Home: I got home and with tears streaming down my face opened up and told my mother what had happened expecting her to hold me and say it’ll be alright. How wrong I was, mummy beat me up, cursed me and called me all sort of names and then warned me that if I ever wanted to get married, I should make sure I tell no one what had happened. Typical right? It’s was my entire fault.

The social stigma associated with rape cases has made it increasingly difficult for female victims to report cases or talk about their hurt.
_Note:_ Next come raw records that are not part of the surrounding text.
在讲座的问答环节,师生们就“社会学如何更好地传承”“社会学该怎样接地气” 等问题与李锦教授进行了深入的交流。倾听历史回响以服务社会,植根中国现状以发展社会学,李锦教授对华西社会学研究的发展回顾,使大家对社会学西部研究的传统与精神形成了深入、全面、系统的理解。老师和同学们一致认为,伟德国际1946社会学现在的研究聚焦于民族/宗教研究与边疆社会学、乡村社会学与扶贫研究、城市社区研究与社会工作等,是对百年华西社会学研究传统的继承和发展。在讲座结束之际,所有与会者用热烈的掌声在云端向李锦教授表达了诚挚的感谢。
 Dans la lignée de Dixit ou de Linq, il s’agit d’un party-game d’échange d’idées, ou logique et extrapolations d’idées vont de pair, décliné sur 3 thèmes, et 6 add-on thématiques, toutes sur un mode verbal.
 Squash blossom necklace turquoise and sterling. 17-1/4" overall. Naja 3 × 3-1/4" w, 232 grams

This has constantly forced them to suffer in silence, and sometimes live the rest of their lives in emotional pain.

Ironic though isn’t it, that in a world so constantly developing and chanting women’s rights, our daughters’ still struggle with the primitive mindsets passed on by our ancestors – it’s a man’s world and a woman’s place to be abused… Sad!
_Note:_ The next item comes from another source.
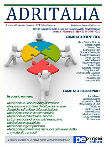 Adritalia Home Facebook ~ ADR Italia – Numero 12019 Versione PDF This entry was posted in Scarica la rivista and tagged adr italia 2019 on luglio 7 2019 by admin E’ uscito il primo numero del 2019 di ADRITALIA rivista scientifica periodica dedicata ai sistemi di risoluzione alternativa delle controversie diretta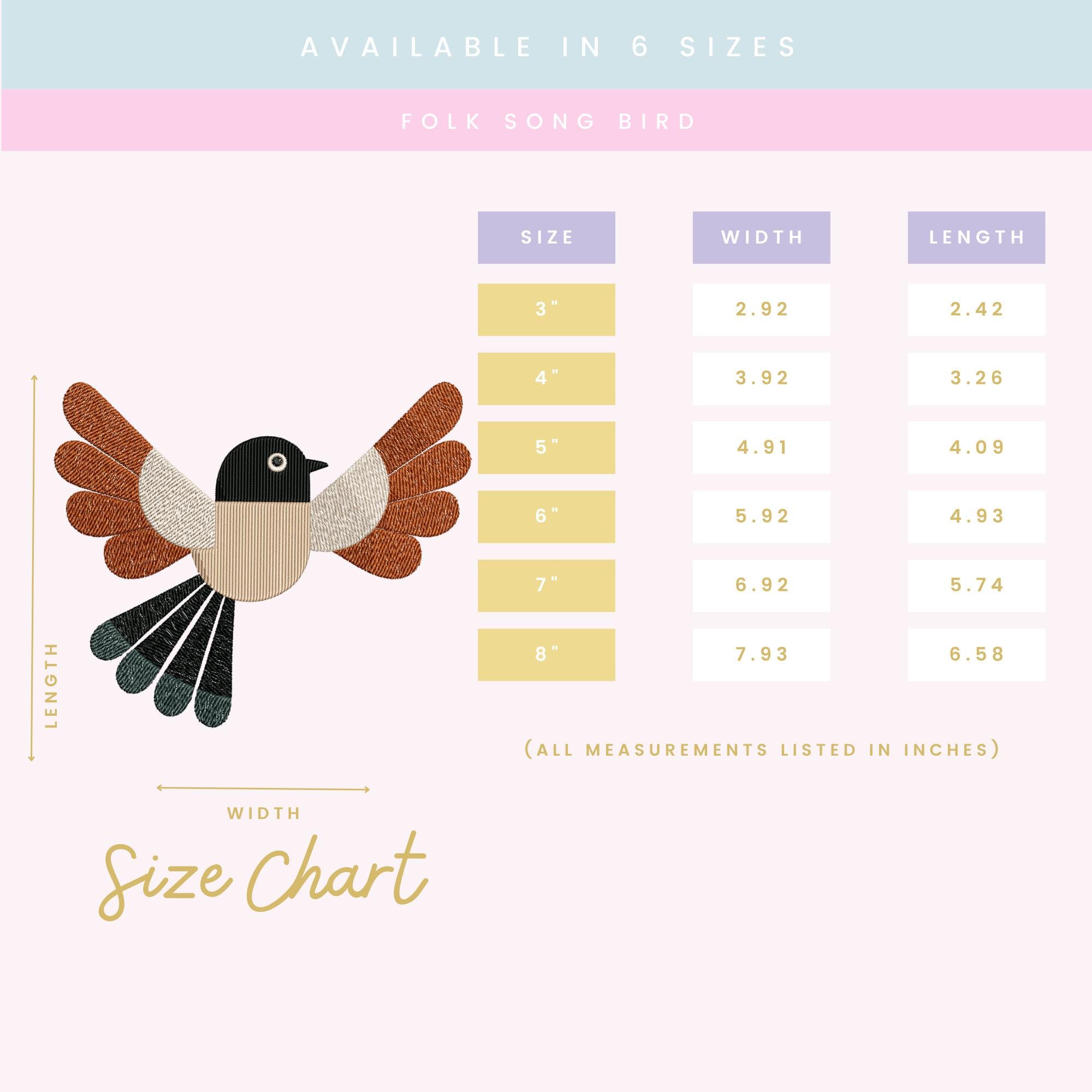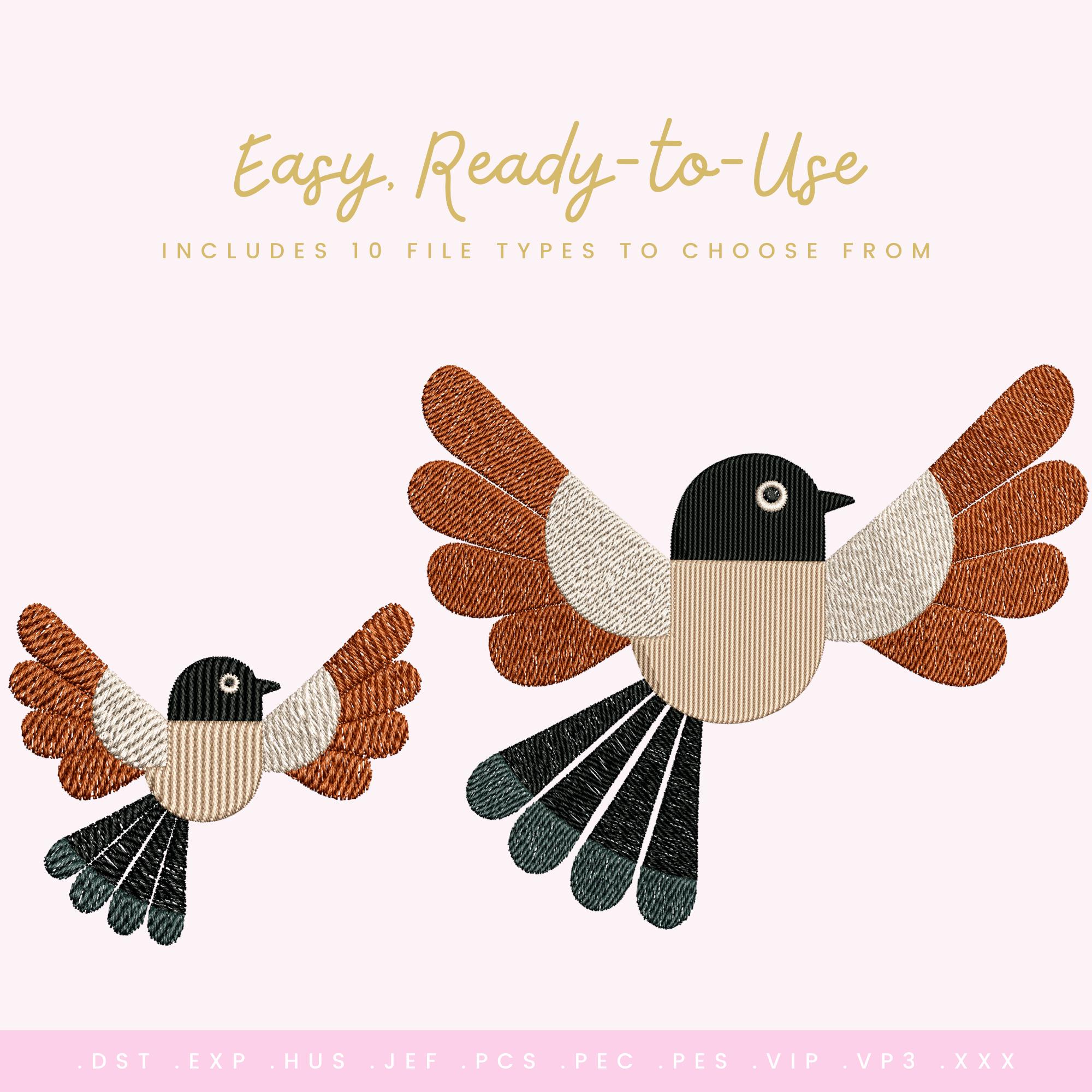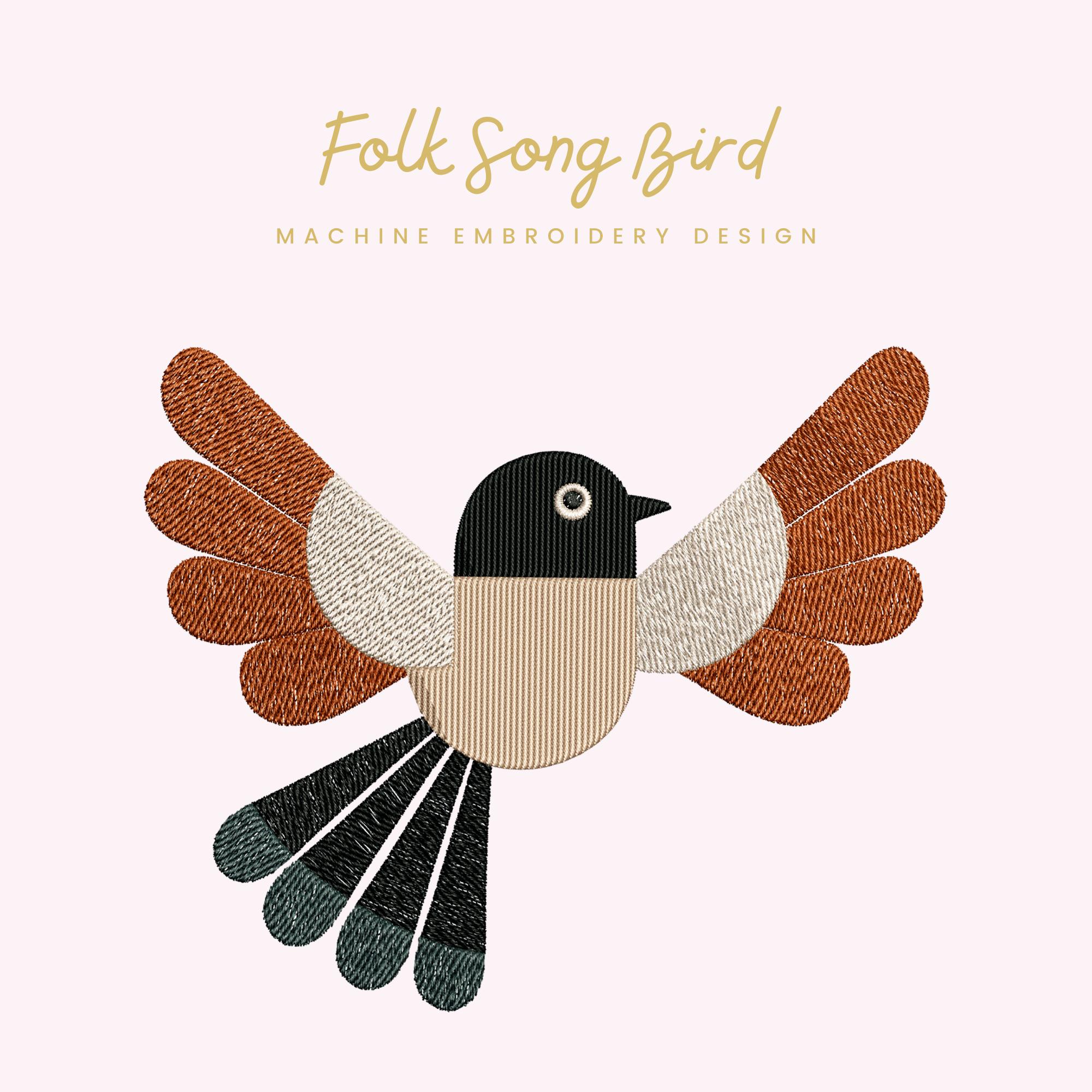 Bold, balanced, and full of modern folk charm — this Folk Song Bird embroidery design features layered wings, clean geometric sections, and detailed tail stitching for a polished, dimensional finish.

Changing a society deeply imbued with these perceptions of male superiority to one that extols the virtues of gender equality is attainable, but first we as mothers, auntie’s and I dare say fathers and uncles, we need to say no to this embarrassing menace of blaming the girl child for her beauty rather that the man for his lack of self control.

The fight to stop rape and sexual assault may be ongoing for a long time to come but it’s about time the abused women were given a voice and a chance to speak up and tell their stories however morbid it may sound as an inspiration and lesson to the rest of our race.